Our entire production stack — what we run, how we run it, and what we would skip if we were starting today.

We hear the same worry from founders: running production at startup pace sounds expensive. It does not have to be. This is what we actually do for our partnerships — how a two-person team keeps eight services up without paying a SRE team.

The setup

One K3s cluster on Switch Engine, the OpenStack-flavoured Swiss cloud. Three nodes — one server, two workers — sized so a node loss does not page anyone at 3am. SSH access to workers goes via ProxyJump through the server; no public IPs leak.

The cluster runs:

  • Eight first-party charts under our helm-resources/ repo (the maram-website you are reading, ERPNext, Keycloak, n8n, Plane, Pyfolio, Semaphore, and a homepage portal)
  • A backup chart that ships every stateful namespace to Switch Cloud S3 nightly via restic
  • kube-prometheus-stack for metrics + dashboards
  • A Signal-API gateway that pushes Alertmanager events into our team chat
  • Uptime Kuma for external HTTP probes
  • GitLab Runner workloads, scoped per project
  • Traefik as the ingress, with cert-manager handling Let’s Encrypt certificates for every host

That is the entire footprint. No multi-cloud, no service mesh, no Istio — just enough.

How a change reaches production

Every product we engineer ships on the same loop. There are no special paths.

  1. Commit lands on the default branch. GitLab CI fires.
  2. Test stage runs. pnpm check (or go test depending on the service). If it fails, that is the end.
  3. Build stage runs. Kaniko builds the Dockerfile and pushes to registry.gitlab.com/maram-gmbh/<service>:<short-sha>.
  4. Image-tag bump. A shared CI component called update-dev-values opens an idempotent commit on helm-resources that updates <service>/values-dev.yml with the new image tag. No human approves anything.
  5. ArgoCD reconciles. Within a couple of minutes ArgoCD notices the new commit on helm-resources, pulls it, runs helm template, and applies the diff to the cluster.
  6. Pod rolls. The new image is up; the old one is drained. Traefik routes traffic without a flinch because the readiness probe gates the cutover.

No human ever runs kubectl apply. No human ever copies a file to a VM. The only privileged operation a human does is ansible-playbook --ask-vault-pass when we add a new service or rotate a vault key — and even that is one command.

The total elapsed time from “commit lands” to “users on the new version” is between 90 seconds and 4 minutes, depending on the build size.
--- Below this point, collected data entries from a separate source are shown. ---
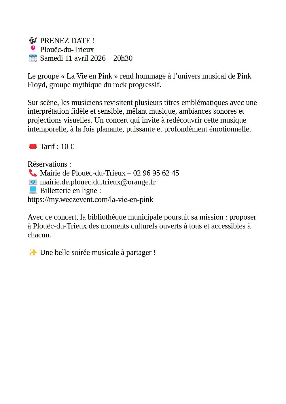 🎶 PRENEZ DATE ! 📍 Plouëc-du-Trieux 🗓 Samedi 11 avril 2026 – 20h30
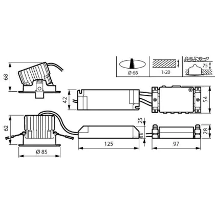 Descrizione Philips Faretti LED RS156B CoreLine Aluminium Bianca 12.3W 1300lm 36D - 830 Luce Calda - | 85mm - Ritaglio 68mm - IP20/44 - Dali Dimmerabile
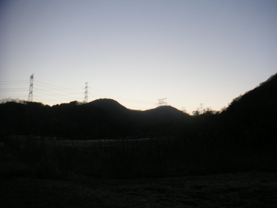 この日は定番コース。自宅〜長尾街道〜上ノ太子〜穴虫峠〜柏原〜大和川。明日香村チャリツーリングの前半部分のコースを走れるので自然と足が向く。難点はこの方面は気温が低い、という事。自転車で走れば体は温まるのだが、手の先と足の先だけはいかんともしがたい。 写真は朝の二上山。穴虫峠の登り始めだがまだ薄暗い。 |
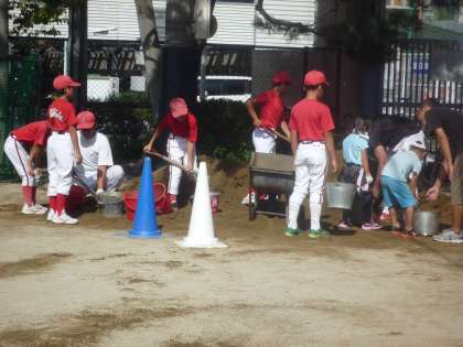 暑い中での作業でしたが,今年で3年目ですので,手際よく作業が進みます。山積みになっている土をバケツに入れる人,それを運んでまく人,ブラシでならす人。大きな山がすこしずつ小さくなっていきます。たくさんの子ども達も手伝っています。
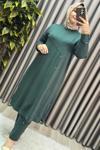 Ka Hijab Çift Cep Düğme Detay İkili Triko Takım - Zümrüt
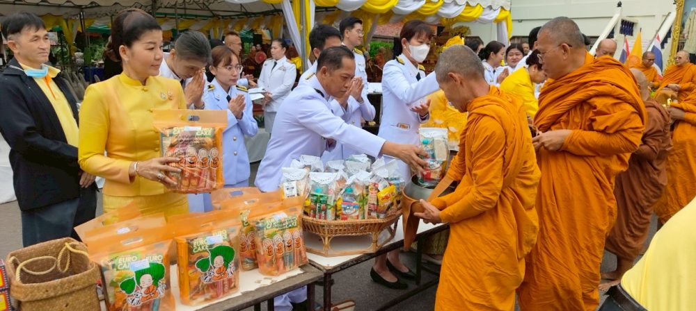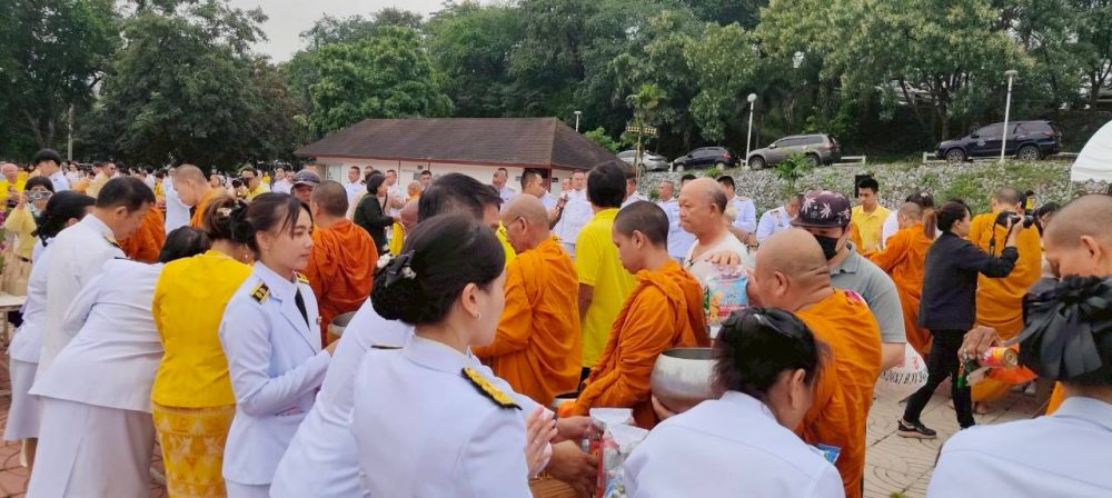 ภาคเช้า พิธีเจริญพระพุทธมนต์ และทำบุญตักบาตรถวายพระราชกุศล ณ วัดจันทึก อำเภอปากช่อง จังหวัดนครราชสีมา
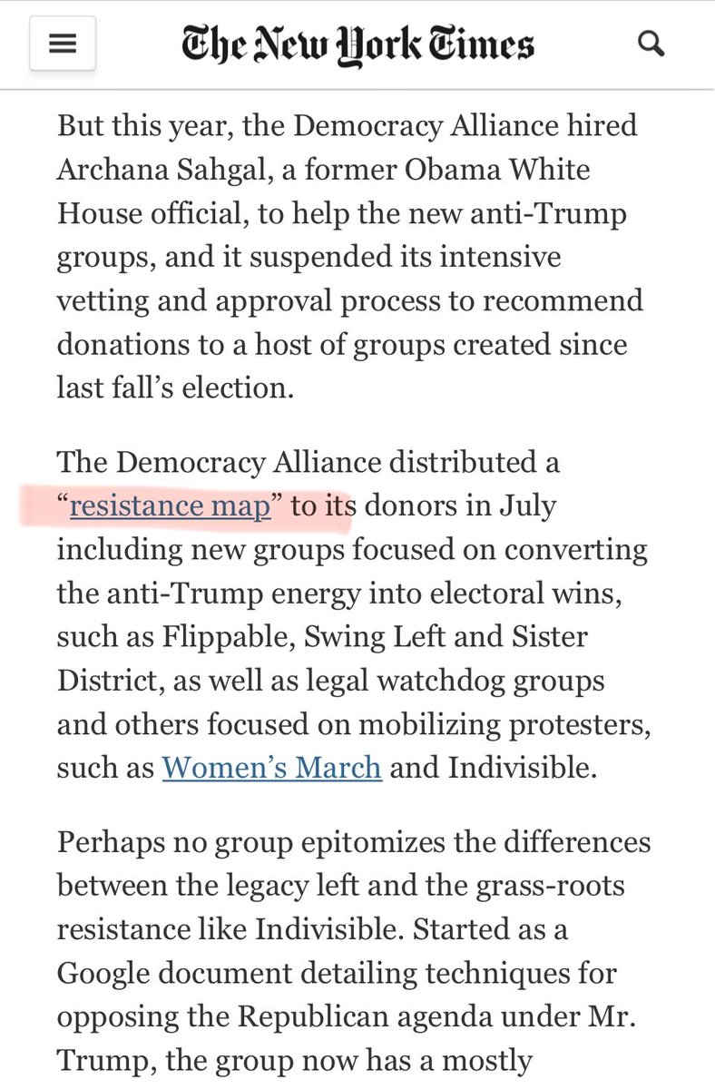 Ok here’s the 2017 New York Times article where I found the Soros Democracy Alliance Resistance Map. This was impossible to find, so imagine finding it here?
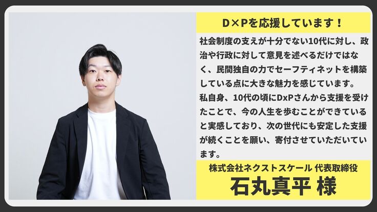 私自身、10代の頃にDxPさんから支援を受けたことで、今の人生を歩むことができていると実感しており、次の世代にも安定した支援が続くことを願い、寄付させていただいています。
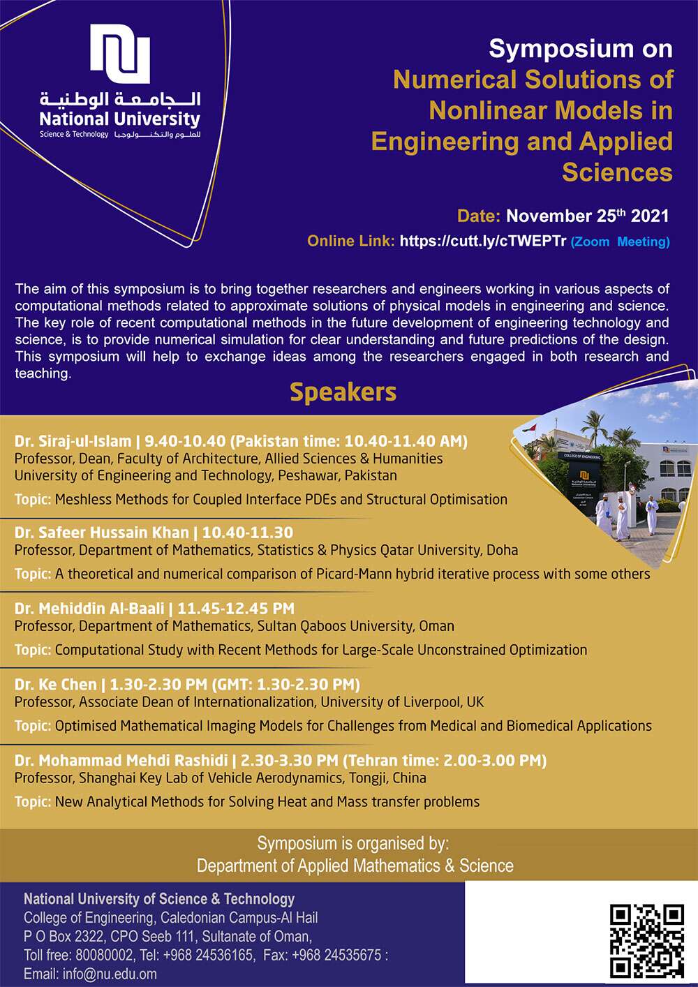 Online Symposium on Numerical Solutions of Nonlinear Models in Engineering and Applied Sciences

What makes this hold up without us watching it

A GitOps loop on its own is not enough. What lets us actually sleep:

  • Every chart has resource requests + limits. No pod can claim more than its share; no node gets oversubscribed.
  • Every workload has liveness + readiness probes. A pod that locks up gets killed and rescheduled in seconds.
  • HPA where it matters. Bar/match-style services scale horizontally on CPU; UI services do not (we know the daily ceiling).
  • automated.prune: true + selfHeal: true on every ArgoCD Application. If someone fat-fingers a Deployment via kubectl, ArgoCD overwrites it from Git within a minute.
  • ignoreDifferences calibrated. For things ArgoCD should not own (replica counts from HPA, bitnami first-init secrets), we tell it to look away. Everything else is enforced from Git.
  • Alerts fire to Signal, not email. When Prometheus catches a pod restart loop or a low disk-space warning, it lands in our group chat in seconds. Email alerts get ignored — Signal alerts do not.
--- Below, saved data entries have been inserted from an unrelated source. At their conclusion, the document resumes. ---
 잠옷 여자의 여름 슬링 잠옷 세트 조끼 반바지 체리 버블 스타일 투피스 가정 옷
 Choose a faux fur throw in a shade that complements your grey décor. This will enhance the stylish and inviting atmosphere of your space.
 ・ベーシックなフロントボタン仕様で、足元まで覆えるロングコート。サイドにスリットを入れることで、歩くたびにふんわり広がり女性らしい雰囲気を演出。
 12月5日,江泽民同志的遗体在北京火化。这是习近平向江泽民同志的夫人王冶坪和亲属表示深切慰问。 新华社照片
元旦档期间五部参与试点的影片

Bring-up is one Ansible command

The cluster is reproducible. A new node, a new region, a clean rebuild — all start from the same line:

ansible-playbook --ask-vault-pass -i inventory.yml setup_bodhi.yml

That playbook brings up Python, installs Helm + K3s, joins the worker nodes, lays down Traefik + cert-manager, drops in the ArgoCD instance, and configures the SSH ProxyJump for kubectl access. Tagged so we can re-run a single phase without redoing the rest. Idempotent — running it twice produces zero changes.

Per-service deploys are scoped equivalents — one playbook per service, each one creating the namespace, pre-provisioning the env Secret if needed, applying the ArgoCD Application, and waiting for the sync to go green.

We have fifteen-ish of these playbooks. They are all short — most are under 100 lines. The infrastructure repo is a flat, scannable thing, not a 50k-line Terraform monorepo.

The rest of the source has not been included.